Givine, a 5-year-old French-bred mare owned by Marsha Naify, was third in the Daisycutter to Unzip Me and third in the CERF Handicap behind Rumor in two starts at the 2011 Del Mar meeting. A winner of six of 18 career starts with earnings of $227,941, Givine will be making her first start since February at Santa Anita.
She was ready two months ago at Hollywood Park, but there wasn’t a race for her, so we waited for the Daisycutter,” Canani said. “She’s been training good.”
My Best Brother, a son of Stormy Atlantic owned in partnership by Bill Currin and San Diego businessman Al Eisman, won the second division of the opening-day Oceanside Stakes.

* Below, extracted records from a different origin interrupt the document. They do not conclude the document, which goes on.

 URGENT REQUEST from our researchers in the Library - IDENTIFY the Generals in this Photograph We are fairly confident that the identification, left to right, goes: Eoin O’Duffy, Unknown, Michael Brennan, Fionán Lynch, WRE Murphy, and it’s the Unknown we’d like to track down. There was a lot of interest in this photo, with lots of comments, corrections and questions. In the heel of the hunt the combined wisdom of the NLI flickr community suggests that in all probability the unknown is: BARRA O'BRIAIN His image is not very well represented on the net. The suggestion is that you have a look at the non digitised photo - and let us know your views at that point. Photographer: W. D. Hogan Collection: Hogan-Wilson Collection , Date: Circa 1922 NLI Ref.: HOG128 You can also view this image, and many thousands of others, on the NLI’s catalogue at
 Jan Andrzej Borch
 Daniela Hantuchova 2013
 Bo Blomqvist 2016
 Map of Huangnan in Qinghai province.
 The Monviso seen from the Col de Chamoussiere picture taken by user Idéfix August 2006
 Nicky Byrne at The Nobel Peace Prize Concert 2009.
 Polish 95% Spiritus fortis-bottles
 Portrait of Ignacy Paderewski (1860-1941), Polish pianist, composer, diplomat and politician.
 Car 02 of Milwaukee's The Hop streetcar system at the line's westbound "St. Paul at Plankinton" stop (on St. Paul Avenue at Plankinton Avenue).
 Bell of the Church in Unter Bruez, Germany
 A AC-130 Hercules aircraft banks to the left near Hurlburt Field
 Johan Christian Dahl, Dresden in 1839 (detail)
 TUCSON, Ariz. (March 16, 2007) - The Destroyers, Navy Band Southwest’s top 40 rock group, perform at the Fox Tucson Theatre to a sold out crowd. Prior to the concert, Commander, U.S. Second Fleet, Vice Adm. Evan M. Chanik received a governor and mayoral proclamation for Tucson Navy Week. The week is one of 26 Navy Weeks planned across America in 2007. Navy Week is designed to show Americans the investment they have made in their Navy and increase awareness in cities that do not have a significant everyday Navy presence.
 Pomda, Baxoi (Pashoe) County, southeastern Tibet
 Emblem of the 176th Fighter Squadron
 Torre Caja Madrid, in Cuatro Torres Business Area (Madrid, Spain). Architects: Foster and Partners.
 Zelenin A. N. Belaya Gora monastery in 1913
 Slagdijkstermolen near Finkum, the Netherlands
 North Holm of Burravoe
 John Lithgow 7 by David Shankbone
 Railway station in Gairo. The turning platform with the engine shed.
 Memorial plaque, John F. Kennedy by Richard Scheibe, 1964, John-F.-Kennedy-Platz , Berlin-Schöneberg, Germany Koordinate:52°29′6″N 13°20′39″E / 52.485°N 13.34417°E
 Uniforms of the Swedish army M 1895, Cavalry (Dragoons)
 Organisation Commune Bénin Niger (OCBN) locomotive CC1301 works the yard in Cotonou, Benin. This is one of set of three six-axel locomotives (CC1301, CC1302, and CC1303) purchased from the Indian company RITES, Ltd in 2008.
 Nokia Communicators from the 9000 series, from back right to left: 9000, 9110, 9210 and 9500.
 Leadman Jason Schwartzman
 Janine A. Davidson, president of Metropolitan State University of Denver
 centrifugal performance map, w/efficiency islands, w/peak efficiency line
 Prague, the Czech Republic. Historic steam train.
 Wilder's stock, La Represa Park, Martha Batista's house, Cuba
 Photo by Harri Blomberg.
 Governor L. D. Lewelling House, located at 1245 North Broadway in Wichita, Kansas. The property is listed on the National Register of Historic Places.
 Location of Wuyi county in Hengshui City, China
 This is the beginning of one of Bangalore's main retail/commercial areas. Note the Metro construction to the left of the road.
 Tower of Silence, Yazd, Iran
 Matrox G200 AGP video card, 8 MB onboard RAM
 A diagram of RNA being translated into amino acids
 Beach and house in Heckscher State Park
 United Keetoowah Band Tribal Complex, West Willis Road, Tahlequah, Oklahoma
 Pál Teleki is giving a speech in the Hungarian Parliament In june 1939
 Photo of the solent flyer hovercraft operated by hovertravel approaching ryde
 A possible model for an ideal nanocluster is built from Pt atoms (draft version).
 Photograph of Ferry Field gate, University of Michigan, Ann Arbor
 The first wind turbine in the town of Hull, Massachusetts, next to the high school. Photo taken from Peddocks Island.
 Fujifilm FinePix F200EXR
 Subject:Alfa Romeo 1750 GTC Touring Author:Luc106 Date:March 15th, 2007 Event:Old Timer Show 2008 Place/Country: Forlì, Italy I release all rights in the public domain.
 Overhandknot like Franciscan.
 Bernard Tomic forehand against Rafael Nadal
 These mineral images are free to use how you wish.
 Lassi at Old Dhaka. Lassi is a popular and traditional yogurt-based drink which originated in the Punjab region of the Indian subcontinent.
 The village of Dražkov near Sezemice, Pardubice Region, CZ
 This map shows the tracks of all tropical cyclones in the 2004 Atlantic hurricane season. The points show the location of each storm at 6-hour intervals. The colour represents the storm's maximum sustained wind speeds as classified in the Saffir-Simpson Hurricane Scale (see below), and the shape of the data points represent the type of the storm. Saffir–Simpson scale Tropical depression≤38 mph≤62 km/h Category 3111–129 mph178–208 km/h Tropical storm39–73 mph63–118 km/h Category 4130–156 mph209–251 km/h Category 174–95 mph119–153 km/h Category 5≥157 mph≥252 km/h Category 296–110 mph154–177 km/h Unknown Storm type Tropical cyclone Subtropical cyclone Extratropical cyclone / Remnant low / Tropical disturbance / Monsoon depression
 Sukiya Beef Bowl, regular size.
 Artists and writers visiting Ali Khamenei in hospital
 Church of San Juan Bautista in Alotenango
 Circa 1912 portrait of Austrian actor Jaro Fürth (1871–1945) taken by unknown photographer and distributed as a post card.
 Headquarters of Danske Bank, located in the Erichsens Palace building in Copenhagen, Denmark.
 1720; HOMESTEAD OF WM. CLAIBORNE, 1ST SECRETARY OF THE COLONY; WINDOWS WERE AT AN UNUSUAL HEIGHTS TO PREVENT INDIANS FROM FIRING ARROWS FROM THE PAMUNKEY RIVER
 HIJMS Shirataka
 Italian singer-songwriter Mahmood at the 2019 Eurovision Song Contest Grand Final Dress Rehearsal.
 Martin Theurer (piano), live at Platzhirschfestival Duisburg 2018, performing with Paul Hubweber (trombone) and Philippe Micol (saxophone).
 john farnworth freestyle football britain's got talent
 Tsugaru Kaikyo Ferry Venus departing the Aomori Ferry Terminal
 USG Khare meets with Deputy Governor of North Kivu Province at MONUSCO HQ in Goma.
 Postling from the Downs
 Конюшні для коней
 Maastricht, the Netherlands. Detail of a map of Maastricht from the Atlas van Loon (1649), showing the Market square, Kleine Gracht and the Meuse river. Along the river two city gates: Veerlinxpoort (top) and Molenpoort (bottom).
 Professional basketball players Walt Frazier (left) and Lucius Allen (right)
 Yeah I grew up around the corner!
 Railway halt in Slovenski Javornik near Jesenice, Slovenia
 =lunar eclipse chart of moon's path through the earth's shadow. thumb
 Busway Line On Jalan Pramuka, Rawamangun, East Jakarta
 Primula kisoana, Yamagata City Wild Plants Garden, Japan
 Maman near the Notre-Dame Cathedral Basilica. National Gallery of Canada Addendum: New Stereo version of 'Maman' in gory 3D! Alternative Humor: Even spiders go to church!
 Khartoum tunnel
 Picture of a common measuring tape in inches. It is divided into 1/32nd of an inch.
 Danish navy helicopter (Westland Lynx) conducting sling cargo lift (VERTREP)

“He has worked twice since the Oceanside and he’s coming up to it good,” Canani said. My Best Brother went four furlongs in :46.80 on July 28 and five furlongs in 1:00.00 on Sunday.
CLOSERS – Trainer R.L. “Bob” Wheeler, who won 15 stakes races at Del Mar from 1955-1984 will be inducted into the National Museum of Racing Hall of Fame in Saratoga Springs, N.Y., on Friday morning. Wheeler, whose stakes wins here included three in the Del Mar Debutante, is part of a six-member Hall of Fame class of 2012. Roger Attfield is the only other trainer being inducted … Ship And Win bonus-eligible horses on today’s card include: Falling Knife (3rd, Cody Autrey, trainer); Contessa Del Norte (4th, Jeff Bonde); Cat On Base (7th, Vann Belvoir) … San Diego Handicap winner and TVG Pacific Classic candidate Rail Trip worked 4 furlongs Tuesday at Hollywood Park in :49.20 …Blood tests on TVG Pacific Classic candidate Where’s Sterling, who presented a slight temperature after shipping in from Florida, were postponed from Wednesday to today with results expected sometime this afternoon … Notable stakes-horse works from a busy morning. On Polytrack – Comma to the Top, 4 furlongs :49.20; Lakerville, 4 furlongs :49.80; Broken Dreams, 5 furlongs, 1:00.40; Capital Account, 5 furlongs, 1:00.00; Ellafitz, 5 furlongs :59.20. On the Jimmy Durante Turf Course – All Star Heart, 4 furlongs :48.80; John Scott, 4 furlongs, :51.20.
Trakus Facts of the Day for Wednesday, August 8
Favored Power Series covered 42 feet more than second-choice winner Apply in Wednesday’s second race, losing by only a half-length. Power Series ran a faster final quarter-mile, and final furlong, but the extra ground coverage took its toll. Third place finisher Sidepocket Kid had the fastest final quarter and eighth, coming home in 24.81 and 12.38 seconds, respectively, and also covered a much shorter trip than Power Series.
Brooklyn Rose soared home in the fifth race, recording a final quarter mile time (24.73s) that was more than a second faster than the next-fastest time, set by second-placer Queen Mercury, and a final furlong that was 0.69 seconds faster than that rival.
Wishing Gate took the finale at a mile on turf and covered substantial extra ground, going no less than four wide on the second turn. Under Mike Smith, Wishing Gate covered 5,366 feet while second Jerry’shoneycarol and third Dance Team each went 41 feet less, covering 5,325. Fourth-place finisher Shrilanka had the second-fastest final furlong in 11.42 seconds, but was still 0.20 seconds slower than the winner’s final eighth.